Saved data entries
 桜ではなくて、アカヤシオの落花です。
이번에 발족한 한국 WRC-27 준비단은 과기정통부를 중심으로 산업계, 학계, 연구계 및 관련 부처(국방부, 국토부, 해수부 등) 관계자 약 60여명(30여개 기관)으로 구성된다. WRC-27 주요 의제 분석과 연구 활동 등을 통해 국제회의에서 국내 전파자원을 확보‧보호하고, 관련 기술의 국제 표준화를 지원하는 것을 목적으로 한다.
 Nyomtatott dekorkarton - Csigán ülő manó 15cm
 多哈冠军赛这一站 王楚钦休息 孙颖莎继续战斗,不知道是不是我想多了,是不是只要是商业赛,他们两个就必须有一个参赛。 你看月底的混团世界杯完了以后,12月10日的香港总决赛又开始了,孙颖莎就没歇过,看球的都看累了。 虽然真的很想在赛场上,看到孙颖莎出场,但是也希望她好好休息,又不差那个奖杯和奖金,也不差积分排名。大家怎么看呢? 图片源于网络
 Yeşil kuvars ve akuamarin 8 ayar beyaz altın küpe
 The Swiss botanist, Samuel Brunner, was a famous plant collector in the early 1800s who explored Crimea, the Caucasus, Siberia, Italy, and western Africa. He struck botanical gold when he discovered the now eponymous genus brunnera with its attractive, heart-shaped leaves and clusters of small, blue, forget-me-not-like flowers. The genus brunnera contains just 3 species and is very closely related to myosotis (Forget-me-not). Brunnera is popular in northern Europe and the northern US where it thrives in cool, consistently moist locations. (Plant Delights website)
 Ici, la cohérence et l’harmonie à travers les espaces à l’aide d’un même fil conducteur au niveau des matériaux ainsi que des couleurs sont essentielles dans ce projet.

---

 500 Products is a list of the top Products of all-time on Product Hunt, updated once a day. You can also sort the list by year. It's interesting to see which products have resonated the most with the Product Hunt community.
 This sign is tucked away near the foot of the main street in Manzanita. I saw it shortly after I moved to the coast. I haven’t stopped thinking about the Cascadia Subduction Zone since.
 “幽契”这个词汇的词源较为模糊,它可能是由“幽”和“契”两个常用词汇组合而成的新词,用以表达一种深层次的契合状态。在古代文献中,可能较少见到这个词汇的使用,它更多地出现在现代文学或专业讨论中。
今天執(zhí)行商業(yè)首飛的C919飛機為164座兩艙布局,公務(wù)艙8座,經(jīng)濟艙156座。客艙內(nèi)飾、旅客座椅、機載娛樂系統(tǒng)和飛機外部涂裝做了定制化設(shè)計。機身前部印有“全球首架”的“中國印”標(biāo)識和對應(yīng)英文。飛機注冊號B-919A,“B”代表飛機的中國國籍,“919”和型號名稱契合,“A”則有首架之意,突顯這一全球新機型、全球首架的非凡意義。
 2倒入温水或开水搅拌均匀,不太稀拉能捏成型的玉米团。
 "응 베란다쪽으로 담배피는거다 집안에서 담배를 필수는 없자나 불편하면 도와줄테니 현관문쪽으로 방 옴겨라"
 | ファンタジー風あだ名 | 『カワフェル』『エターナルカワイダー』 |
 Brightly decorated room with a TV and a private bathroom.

◆ **INSTRUCTIONS TO FOLLOW**
Transcribe the records above exactly, beginning at the line that contains "ファンタジー風あだ名 | 『カワフェル』『エターナルカワイダー』 |" and ending with the line that contains "Brightly decorated room", both included, and nothing else.

◆ **ANSWER TO THIS TASK**
 | ファンタジー風あだ名 | 『カワフェル』『エターナルカワイダー』 |
 Brightly decorated room with a TV and a private bathroom.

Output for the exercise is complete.